Matthew Connor: That is fantastic advice. Ben, before we wrap up — tell us a little more about ProArch and who the ideal client is.

Ben Wilcox: We focus on four main segments: healthcare, manufacturing, energy, and ISVs — independent software vendors, companies that build products. The reason we love these spaces is that they all have significant opportunities for better data management, stronger security, and meaningful business outcomes. Energy and manufacturing share a lot of operational technology overlap, so our experience translates well across both. Healthcare has enormous data complexity and compliance requirements that we're well-suited to address. And ISVs — we have a heritage in product development, building complex cloud-based applications. That's how ProArch started. We've been around 20 years and have worked with hundreds of organizations across these verticals, across everything from operational technology to AI implementations.

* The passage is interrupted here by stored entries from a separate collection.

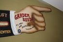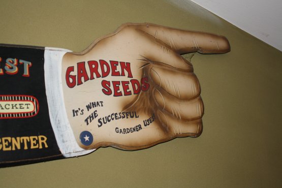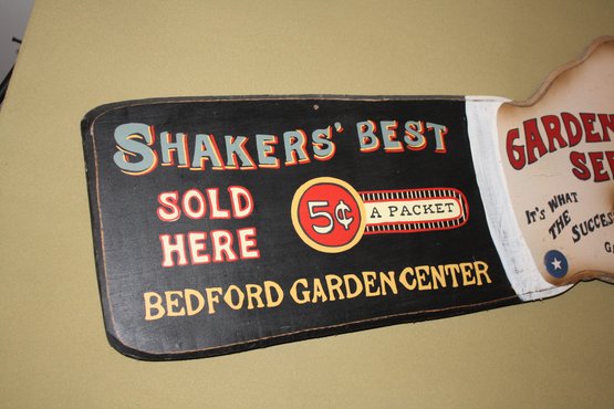 Vintage-style decorative advertising sign shaped like a pointing hand promoting “Shakers’ Best” garden seeds. The sign advertises seeds priced at 5¢ per packet and references the Bedford Garden Center. Features the slogan “It’s what the successful gardener uses,” with classic retro garden center graphics. Designed as a novelty wall décor piece suitable for garden sheds, greenhouses, or farmhouse-style interiors. 40" wide
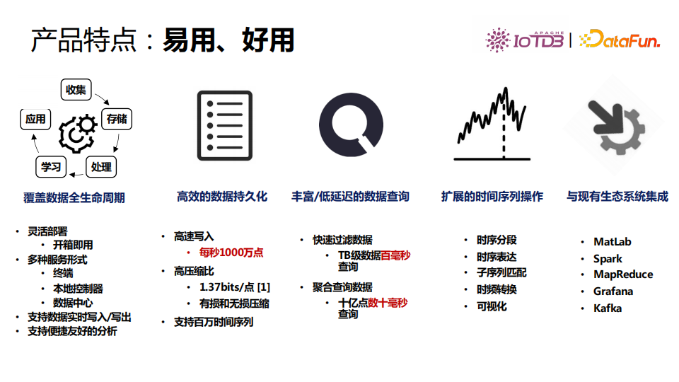 IoTDB产品易用、好用,部署灵活,能开箱即用一键部署,具有高写入吞吐和低查询延迟,支持丰富的时间序列操作,与现有大数据生态系统集成比较完善。
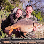 Паралельно з тим наші дуелянти паркують коропа вагою 21,000; - першого коропа 20+ для кожного з учасників їх команди. Сергій домовився з дружиною що збриє свою бороду після того, як спіймає коропа вагою 20+. Борода його ще з минулого року росла і жила своїм життям, а коропи 20+ так і не клювали, можливо він свідомо катався по таких водоймам, щоб як змога довше і змога сильніше відростити той мохнатий комок, але цього разу йому вдалося все ж таки спіймати рибу 20+. І мені цікаво по цей час хто щасливіший більше? Сергій що переступив планку 20+, чи його дружина, що не буде більше тертися об той клубок на його фізіономії J. Фото з трофеєм, святкування Джином та апельсинками.
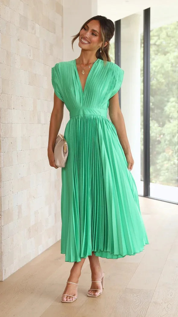 Step into timeless sophistication with the Aisha dress. This piece boasts a flattering plunge neckline and graceful pleats, blending modern design with classic charm. It’s the perfect choice for those seeking elegance with every step.
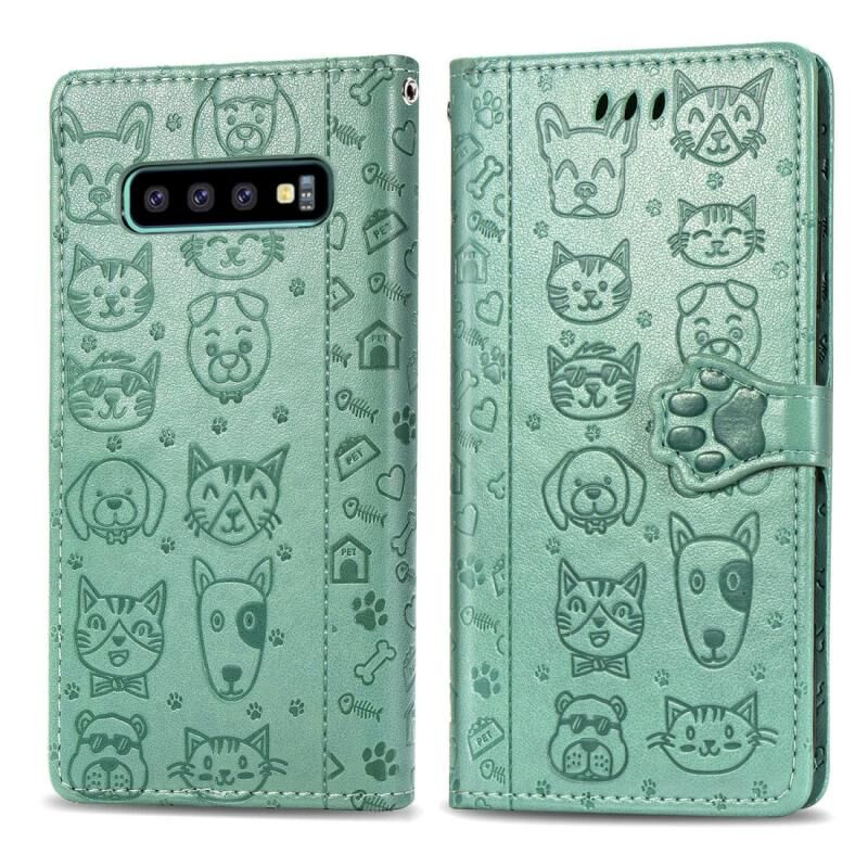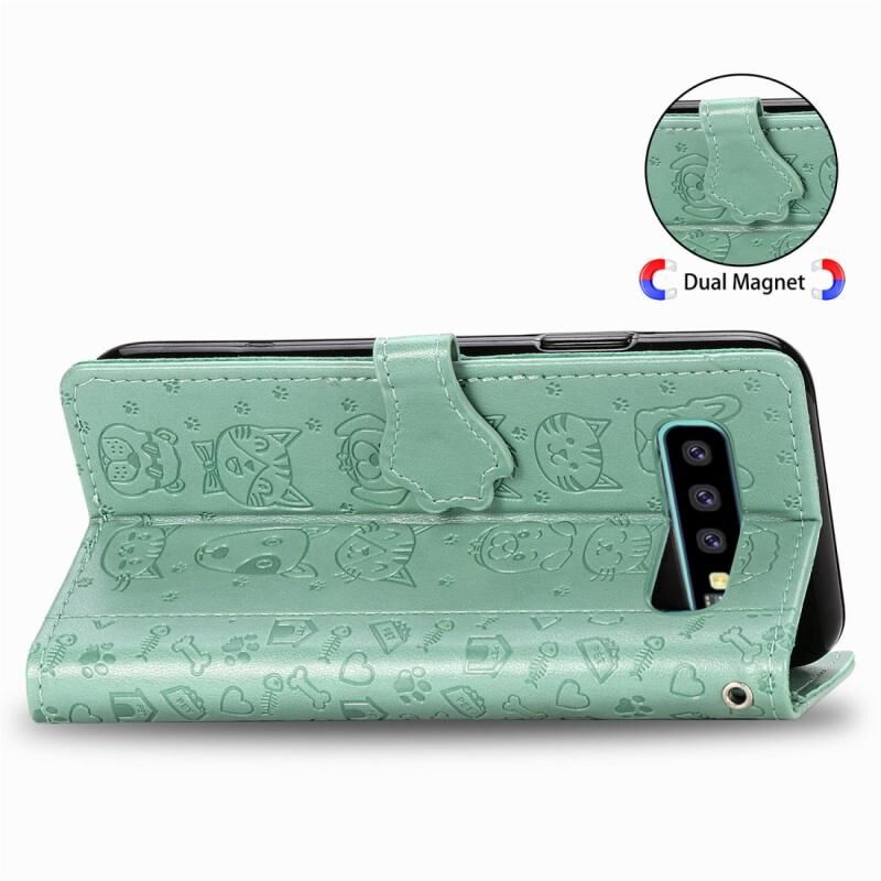 Θήκη δέρματος οριζόντιας αναδίπλωσης με ανάγλυφα σχέδια χαριτωμένων γάτας και σκύλου για Galaxy S10 Plus, με βάση / υποδοχή κάρτας / πορτοφόλι / κορδόνι (Κίτρινο)
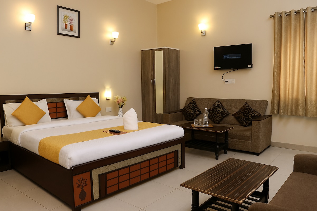 Modern 2BHK apartment offering comfort and convenience in a peaceful, well-connected area. Features two cozy bedrooms, stylish living room, equipped kitchen, Wi-Fi, AC, and balcony. Ideal for families, couples, friends get together or business travelers. Close to cafés, markets, metro & Airport— your perfect home away from home! UNMARRIED COUPLES ARE NOT ALLOWED
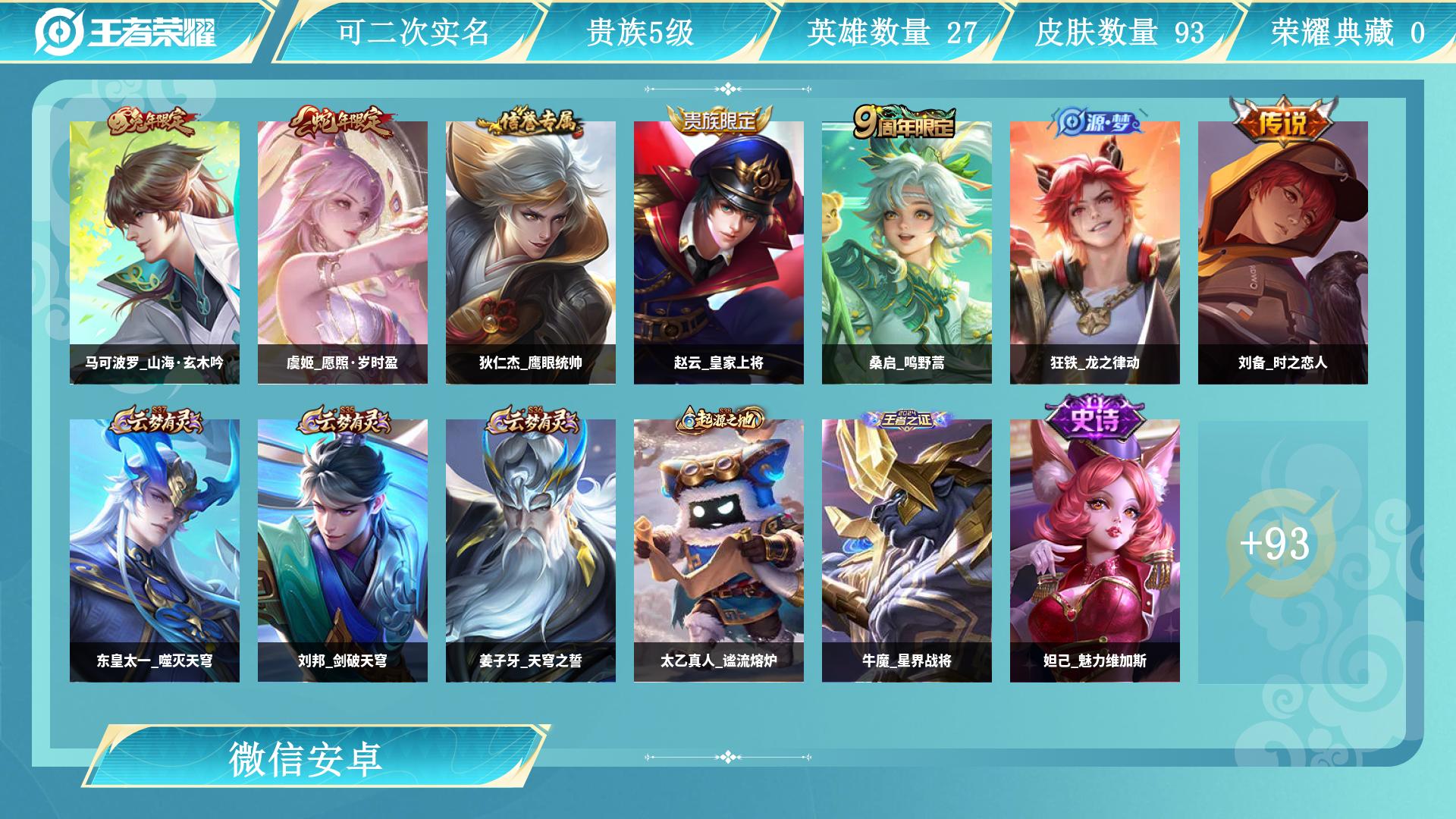 小号微信一切正常,安全靠谱!王者成品号皮肤数93传说皮肤数3
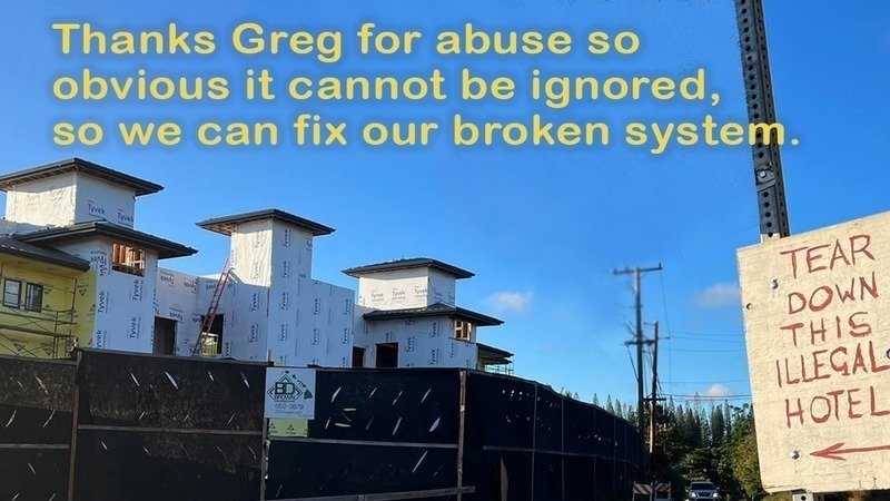 Purely because of Citizen Outrage, our County Council is considering a formal Council Investigation into the many wrongdoings that allowed Greg Brown to build his Napili monstrosity.
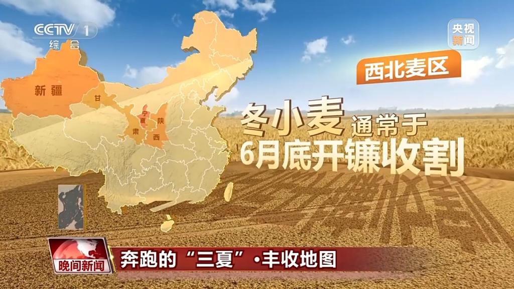 在西北麦区的陕西、甘肃、宁夏、新疆,冬小麦通常于6月底开镰收割。
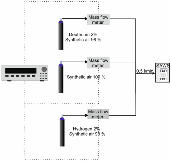 Figure 2 shows the gas concentration measurement setup, consisting of three gas cylinders: two containing deuterium and hydrogen at a concentration of 2% in synthetic air and one containing synthetic air. The gas concentration was controlled using an MKS controller connected to three mass-flow meters, one for each cylinder. The flow rate was maintained constant at 0.5 L/min, regardless of the hydrogen (isotope) concentration.
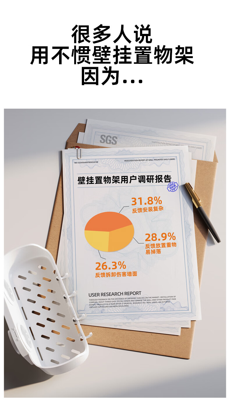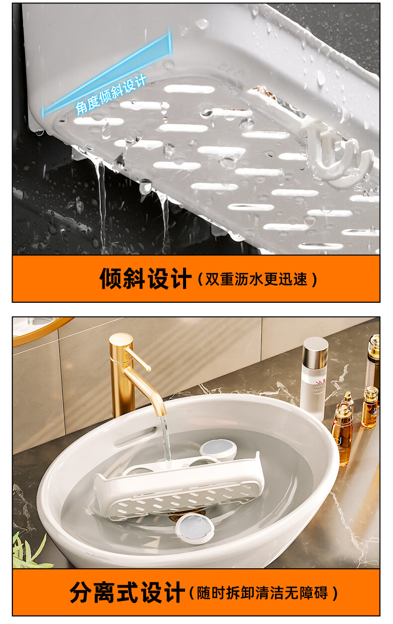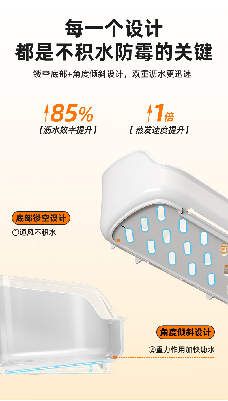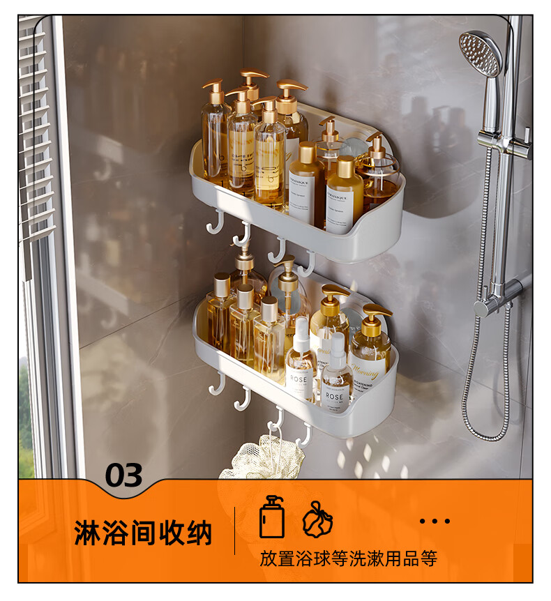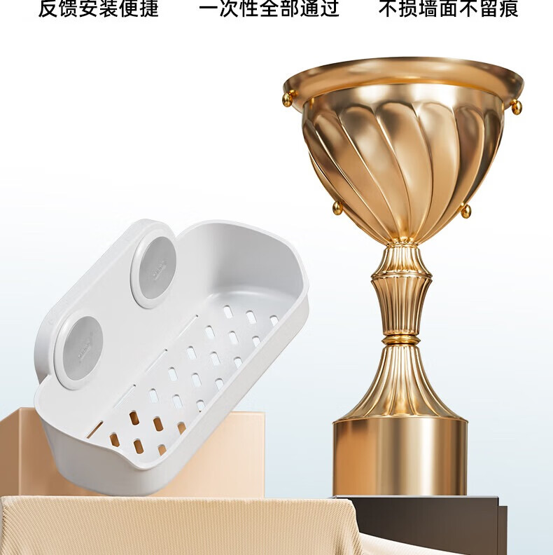 太力吸盘置物架厕所免打孔卫生间厨房置物架壁挂马桶上方浴室置物架 置物架一个装
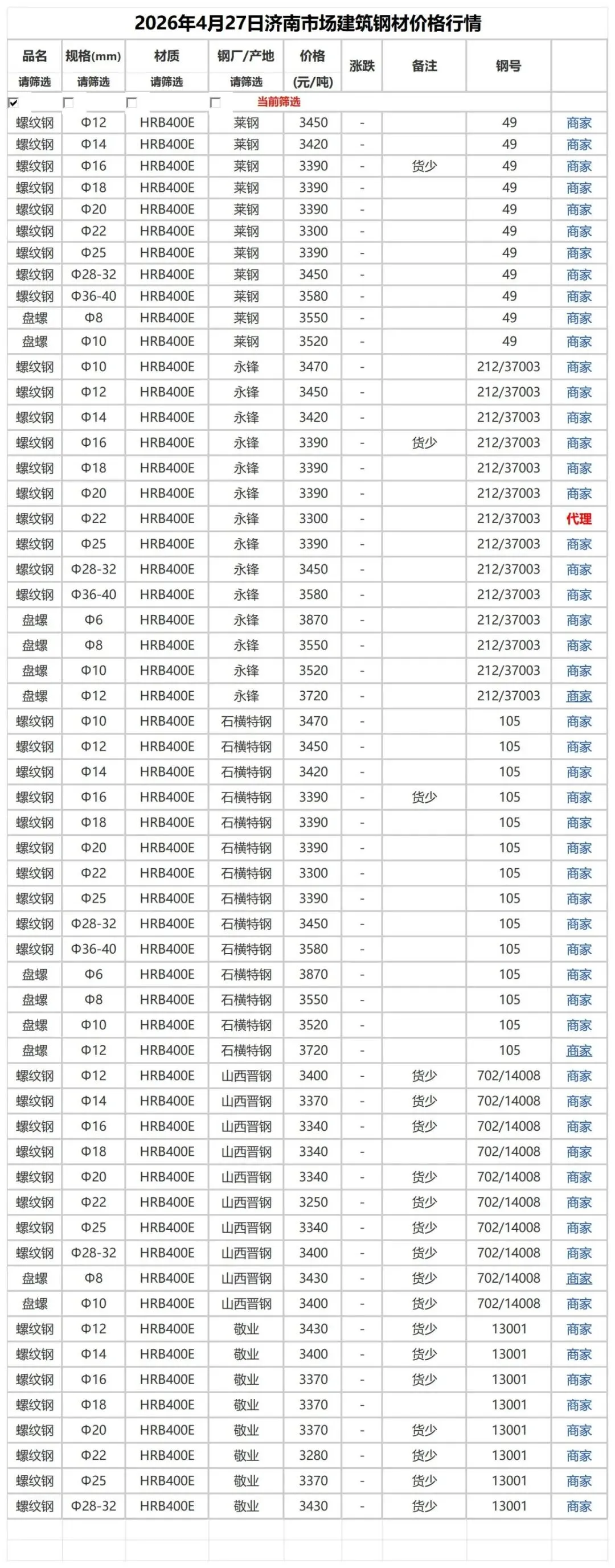 >4月27日市场建筑钢材价格行情
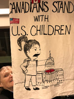Her hand-painted sign for the March read “Canadians Stand with U.S. Children.” It was painted on a pillowcase by a friend. She claims that even in childhood she was outspoken – “listen to me!” “I’m special!” – she thanks her parents for much of her activism. The Turner diagnosis simply gave her more of a focus. Her husband’s struggle added to it. Now, she is convinced that she does matter – she can do much, she can instruct, she can share her strength and her resolve. She can create her own platform by shouting at demonstrations and writing angry emails. Her message, delivered wherever she can get a platform, consists mostly of: “there are many of us,” and “let me be your voice” – our rights are no fewer than others’ – and, we are eager to form alliances with other marginalized groups. We need to be “in your face” more, not less!

Matthew Connor: I love it. And I think what you're doing is exactly what people need to hear — concrete, ROI-backed use cases that demonstrate AI being applied correctly, not the hype. The right tool for the right job. Ben, before we go, can you tell everyone where they can find out more about you and ProArch?

Ben Wilcox: For ProArch, it's proarch.com — there's an active blog section there that I contribute to regularly, and the team posts on a monthly basis as well. On LinkedIn, you can find me at Ben-Wilcox — I typically post three or four times a week. Happy to connect and engage with anyone who wants to dig into any of these topics further.

Matthew Connor: Fantastic. Ben, thanks so much for coming on. Until next time.

Ben Wilcox: Thank you, Matt. Appreciate it.